ANCHORAGE — Hurricane-force winds have forced a shutdown of the port where Alaska oil is loaded onto tankers.
The National Weather Service said Sunday there were multiple reports of flying debris shattering car windows and siding blowing off buildings in the Prince William Sound town of Valdez, where the port is located. No injuries were reported.
The winds peaked at 95 mph Saturday, prompting the port closure. A high wind warning remained in effect.
It was even windier at Thompson Pass, where the Richardson Highway passes the Chugach Mountains. Cars got stuck in deep snow drifts and 100 mph winds ripped windshield wipers from vehicles.
It’s uncertain when the port will reopen, but Alyeska Pipeline Service Co. terminal remained in operations except for vessel loading. Oil from the 800-mile trans-Alaska oil pipeline is being stored in tanks.
Alyeska operates the pipeline, which stretches from Prudhoe Bay to Valdez.
By early Sunday, just a little over a quarter of the facility’s storage capacity was being utilized, according to spokeswoman Michelle Egan.
“We’re not in the type of situation where we would be looking at shutting the pipeline any time soon,” she said. “There are many days of room remaining.”
The pipeline operates at less than one-third capacity from its peak of 2.1 million barrels per day. The Alyeska terminal has a storage capacity of 8.7 million barrels, Egan said.
The winds had settled to about 10 mph, with a 65 mph gust blasting through the town, said Peggy Perales with the National Weather Service office in Valdez.

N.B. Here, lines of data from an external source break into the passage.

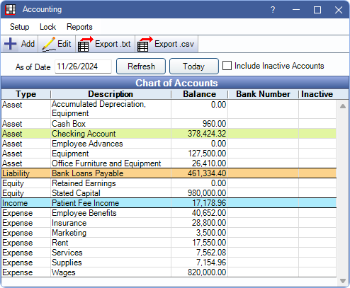 The Chart of Accounts is a list of the accounts used to organize finances and divide expenses, revenue, assets, liabilities, and equity. When set up correctly, certain transactions in Open Dental automatically create accounting transactions in the Chart of Accounts.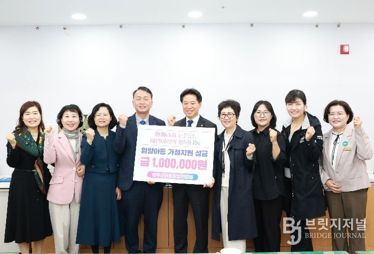 브릿지저널 윤나영 기자 | 완주군 어린이집연합회(회장 이희봉)는 최근 입양 전 보호아동을 위해 성금 100만원을 완주군에 전달했다.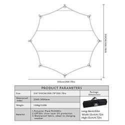 【Wasserdicht und Sonnenschutz】Dieser Camping zeltplane besteht aus 210 Polyestergeweben mit einem wasserdichten Druck von 2000 oder mehr und die Nähte sind speziell hitzegepresst, um das Auslaufen von Regenwasser zu verhindern. Die Rückseite der zelt plane ist mit Silber beschichtet, um 50+ UV-Schutz zu bieten

“They’re all over the place,” she said, adding the winds were expected to flare up again, with gusts in the 80 mph range. The high wind warning will be in effect through Monday evening, she said.
Perales said no oil tankers were in the port. Instead, vessels were waiting out the weather in a safe harbor of the sound.
Egan said port closures in Valdez are not unusual. Perales, however, categorized the current conditions as out of the ordinary.
“It’s an extended event, and we don’t normally get winds this high,” she said. “It’s not an every-winter event.”
Valdez residents are used to strong winds, but the latest bout even got the attention of old-timers like Matt Kinney, a backcountry ski guide who leads excursions near Valdez and in Thompson Pass.
“It’s been a while since we had a good blow,” he said. “Yesterday’s wind event was a significant event.”